TLR3 and TLR4 SNP variants in the liver disease resulting from hepatitis B virus and hepatitis C virus infection

, , , , , & show all
Pages 35-41 | Received 14 Aug 2018, Accepted 30 Oct 2018, Published online: 03 Dec 2018
 

ABSTRACT

Background: Chronic infection with hepatitis B (HBV) and C virus (HCV) is linked with a pro-inflammatory state, predisposing to cirrhosis and liver cancer, particularly hepatocellular carcinoma (HCC). A role for Toll-like receptor (TLR) signalling in hepatocarcinogenesis was recently documented. We hypothesised a link TLR3 and TLR4 polymorphisms and HCC, as surrogates for the significance of TLR signalling in the promotion and initiation of HCC.

Materials and methods: We recruited 174 HCV-infected patients, 100 HBV-infected patients and 360 healthy control subjects. TLR3 (rs3775290) and TLR4 (rs4986790) genotyping was done by PCR-restriction fragment length polymorphisms (PCR-RFLP), LFTs and AFP by standard routine techniques. Liver fibrosis was assessed clinically by the Fibrotest and Actitest.

Result: The TLR3 rs3775290 minor T genotype was linked with increased risk of chronic HBV (P = 0.05) and HCV (P = 0.031) infection. The TLR4 rs4986790 minor G genotype was linked with significantly increased risk for HBV/HCV chronic infection (P < 0.001).
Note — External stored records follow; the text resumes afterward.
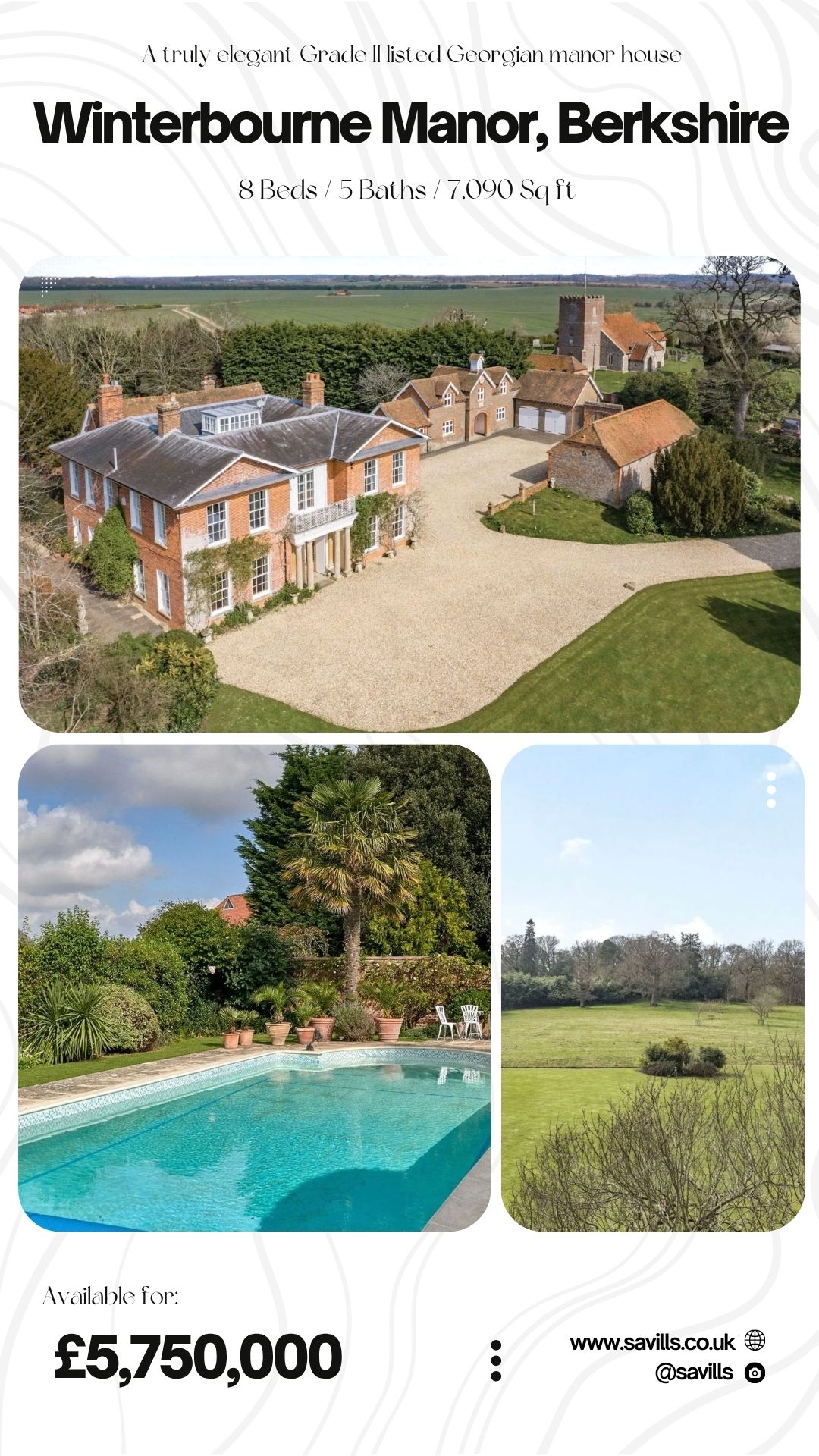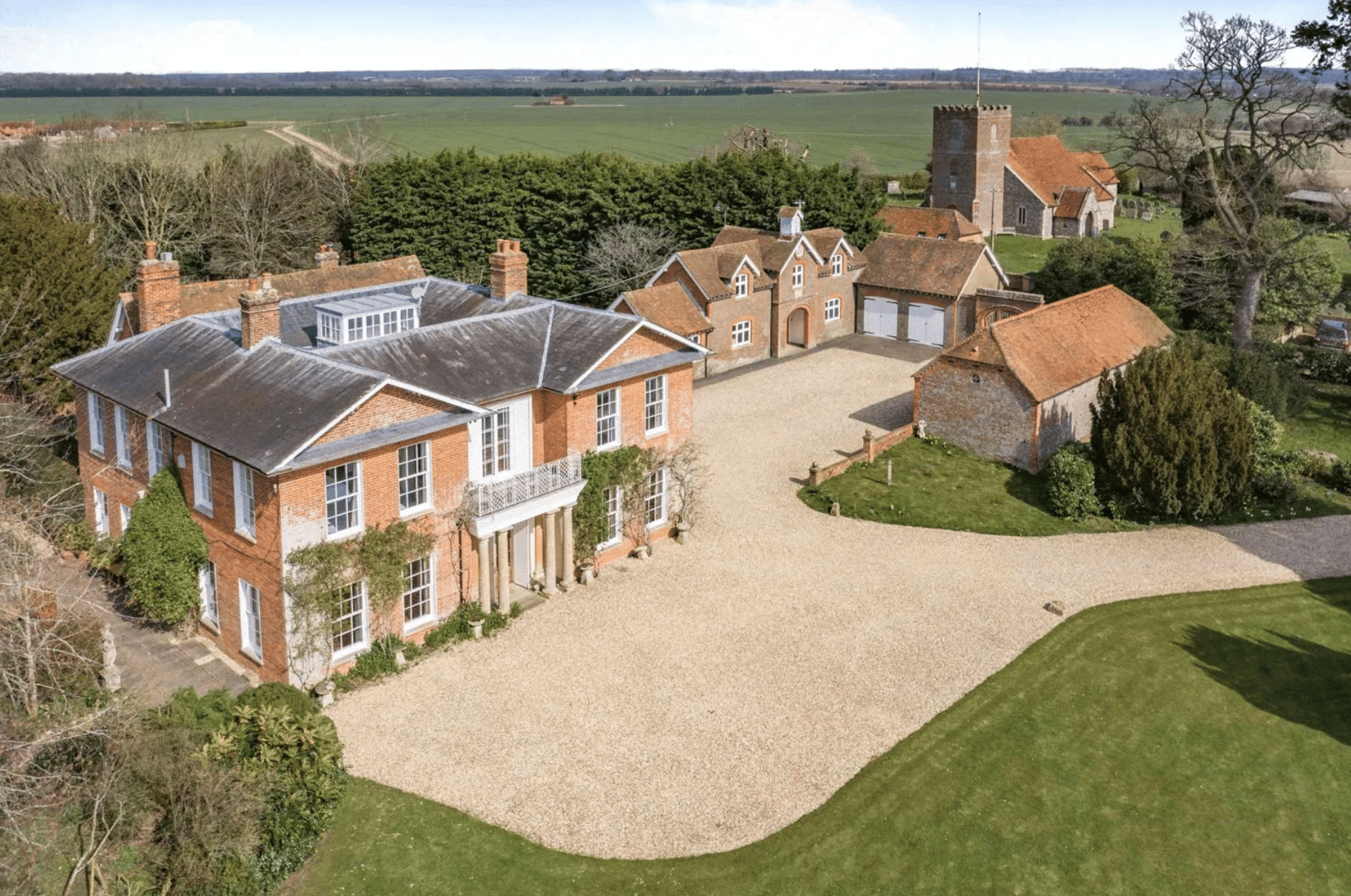£5.75M Georgian Manor with 32 Acres, Pool & Thatched Party Barn
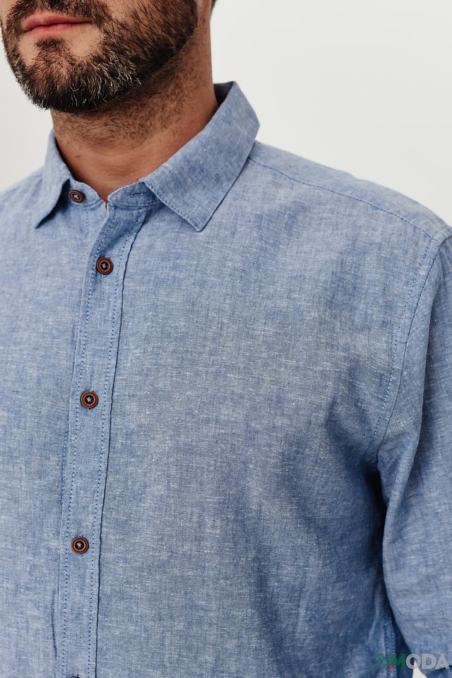 Рубашка имеет классический крой, воротник и застёжку на пуговицы. Голубой цвет и текстура льна придают ей лёгкий, непринуждённый вид. Идеально подходит для создания повседневных образов в тёплую погоду.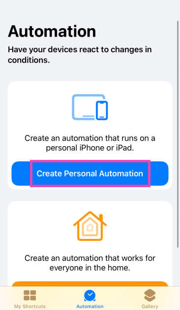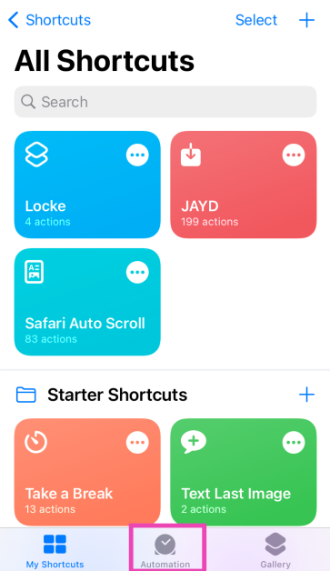 Βήμα 1:Εκκινήστε τοΕφαρμογή συντομεύσεωνστο iPhone σας και μεταβείτε στοΑυτοματοποίησηαυτί.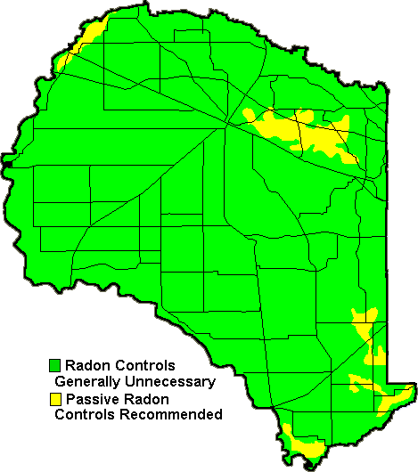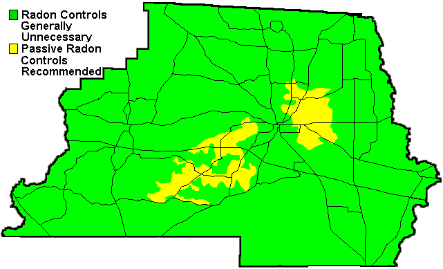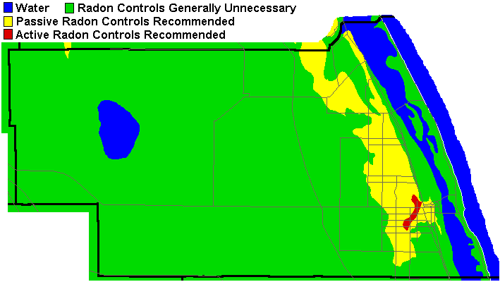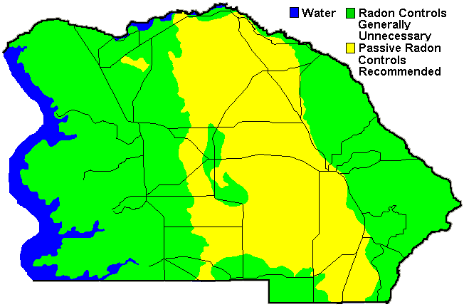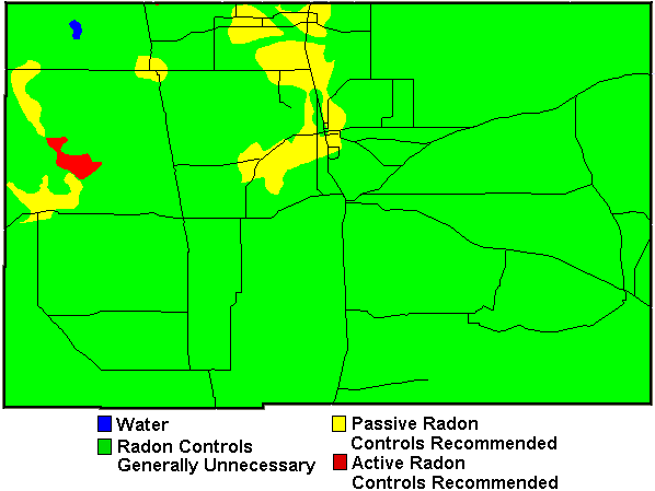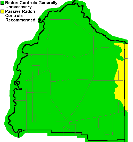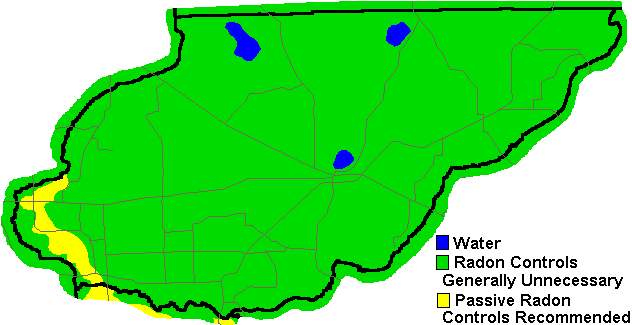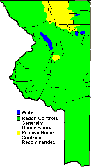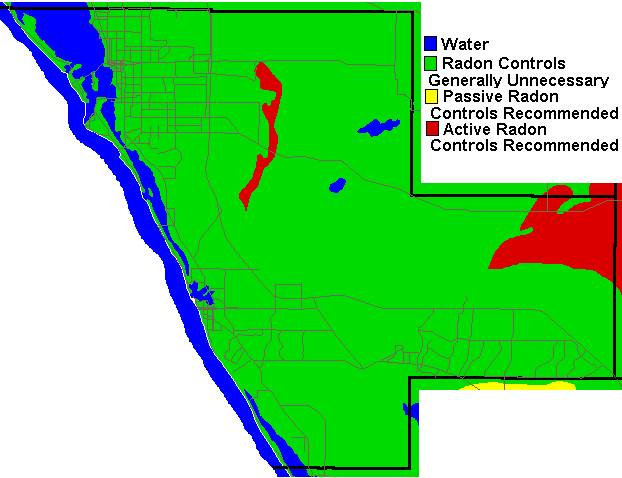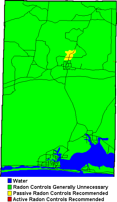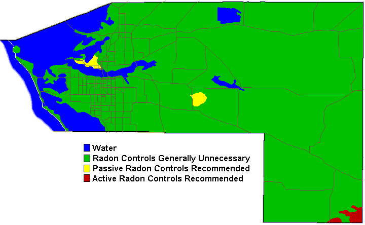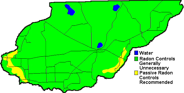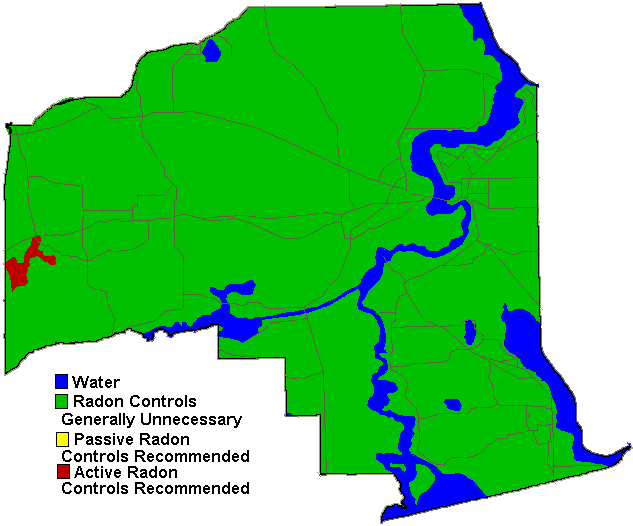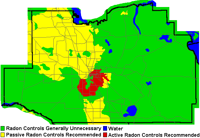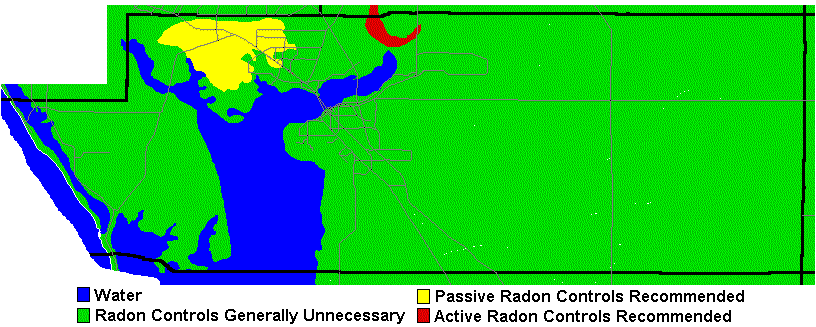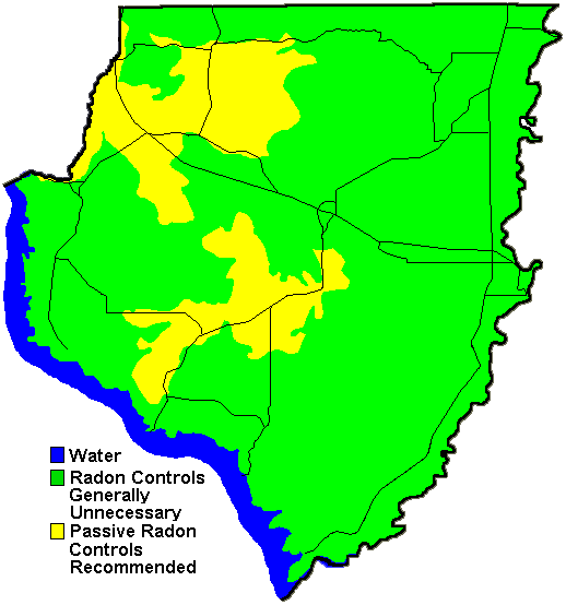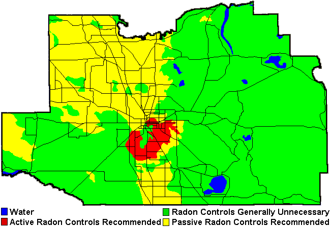 The maps linked below are color coded. Red areas are zones where active radon control is recommended (ARC). Yellow areas are zones where passive radon control is recommended (PRC). Finally, green areas are zones where radon control is generally unnecessary (RCU).

Subgroups analyses indicated decreased risk of HBV-related HCC in relation to TLR3 rs3775290 CC/CT genotype (P = 0.022), with increased risk ascribed to the minor (T) allele (P = 0.04). Likewise, TLR4 rs4985790 minor (GG) genotype was positively associated with HBV-linked HCC (P < 0.001). Furthermore, a link between TLR3 TT (P < 0.001) andTLR4 GG (P = 0.04) minor genotypes was noted in relation to increased risk of HCV-related disease.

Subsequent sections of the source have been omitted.